__Exercise directions__: Starting at the top of the data and ending with the line that holds "If your DVDplayer", transcribe each line exactly; include both ends.

----- Given data

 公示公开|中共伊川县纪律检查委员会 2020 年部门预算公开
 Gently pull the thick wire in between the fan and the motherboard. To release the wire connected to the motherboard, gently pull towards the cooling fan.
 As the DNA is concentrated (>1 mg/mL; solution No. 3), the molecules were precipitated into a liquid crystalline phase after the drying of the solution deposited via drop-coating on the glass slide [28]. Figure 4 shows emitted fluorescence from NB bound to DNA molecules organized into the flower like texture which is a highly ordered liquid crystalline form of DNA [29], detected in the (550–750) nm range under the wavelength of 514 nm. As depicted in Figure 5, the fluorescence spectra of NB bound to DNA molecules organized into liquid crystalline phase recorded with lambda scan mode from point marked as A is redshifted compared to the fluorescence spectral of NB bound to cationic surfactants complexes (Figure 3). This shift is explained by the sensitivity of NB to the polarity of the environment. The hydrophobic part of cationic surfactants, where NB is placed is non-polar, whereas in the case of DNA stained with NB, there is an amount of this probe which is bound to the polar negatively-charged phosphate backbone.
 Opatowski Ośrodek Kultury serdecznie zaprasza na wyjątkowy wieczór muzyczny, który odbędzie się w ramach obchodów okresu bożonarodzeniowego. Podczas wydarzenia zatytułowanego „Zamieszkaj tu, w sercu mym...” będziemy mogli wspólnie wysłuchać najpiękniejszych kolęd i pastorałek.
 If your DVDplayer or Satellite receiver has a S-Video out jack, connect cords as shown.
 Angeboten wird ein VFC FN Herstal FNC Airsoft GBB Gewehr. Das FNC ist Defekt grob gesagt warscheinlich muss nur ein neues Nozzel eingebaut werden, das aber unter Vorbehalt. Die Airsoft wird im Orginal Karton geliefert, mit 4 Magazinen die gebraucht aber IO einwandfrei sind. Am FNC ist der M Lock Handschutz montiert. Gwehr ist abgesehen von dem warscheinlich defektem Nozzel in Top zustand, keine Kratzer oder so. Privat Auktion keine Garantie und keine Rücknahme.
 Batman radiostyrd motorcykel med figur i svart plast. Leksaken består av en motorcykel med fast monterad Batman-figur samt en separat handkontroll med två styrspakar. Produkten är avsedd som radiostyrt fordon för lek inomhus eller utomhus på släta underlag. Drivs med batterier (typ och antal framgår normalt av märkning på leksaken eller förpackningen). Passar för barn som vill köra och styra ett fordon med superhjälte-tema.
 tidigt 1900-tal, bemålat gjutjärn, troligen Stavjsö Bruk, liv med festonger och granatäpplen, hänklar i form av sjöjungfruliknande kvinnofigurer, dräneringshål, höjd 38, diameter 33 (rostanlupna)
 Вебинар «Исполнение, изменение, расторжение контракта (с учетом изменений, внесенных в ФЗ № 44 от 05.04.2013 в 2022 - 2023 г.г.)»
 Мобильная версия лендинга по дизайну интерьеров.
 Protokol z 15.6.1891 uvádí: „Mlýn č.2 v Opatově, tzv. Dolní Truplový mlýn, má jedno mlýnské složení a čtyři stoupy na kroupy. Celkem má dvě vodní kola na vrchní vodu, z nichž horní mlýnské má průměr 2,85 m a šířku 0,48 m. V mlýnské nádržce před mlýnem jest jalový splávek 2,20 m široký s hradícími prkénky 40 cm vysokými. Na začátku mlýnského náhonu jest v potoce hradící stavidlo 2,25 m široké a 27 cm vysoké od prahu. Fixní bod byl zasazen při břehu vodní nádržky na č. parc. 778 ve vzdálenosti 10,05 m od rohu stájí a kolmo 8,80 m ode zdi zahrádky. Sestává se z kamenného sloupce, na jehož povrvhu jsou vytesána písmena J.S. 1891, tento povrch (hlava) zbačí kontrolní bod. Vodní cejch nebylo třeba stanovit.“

----------

__Answer section__:
 公示公开|中共伊川县纪律检查委员会 2020 年部门预算公开
 Gently pull the thick wire in between the fan and the motherboard. To release the wire connected to the motherboard, gently pull towards the cooling fan.
 As the DNA is concentrated (>1 mg/mL; solution No. 3), the molecules were precipitated into a liquid crystalline phase after the drying of the solution deposited via drop-coating on the glass slide [28]. Figure 4 shows emitted fluorescence from NB bound to DNA molecules organized into the flower like texture which is a highly ordered liquid crystalline form of DNA [29], detected in the (550–750) nm range under the wavelength of 514 nm. As depicted in Figure 5, the fluorescence spectra of NB bound to DNA molecules organized into liquid crystalline phase recorded with lambda scan mode from point marked as A is redshifted compared to the fluorescence spectral of NB bound to cationic surfactants complexes (Figure 3). This shift is explained by the sensitivity of NB to the polarity of the environment. The hydrophobic part of cationic surfactants, where NB is placed is non-polar, whereas in the case of DNA stained with NB, there is an amount of this probe which is bound to the polar negatively-charged phosphate backbone.
 Opatowski Ośrodek Kultury serdecznie zaprasza na wyjątkowy wieczór muzyczny, który odbędzie się w ramach obchodów okresu bożonarodzeniowego. Podczas wydarzenia zatytułowanego „Zamieszkaj tu, w sercu mym...” będziemy mogli wspólnie wysłuchać najpiękniejszych kolęd i pastorałek.
 If your DVDplayer or Satellite receiver has a S-Video out jack, connect cords as shown.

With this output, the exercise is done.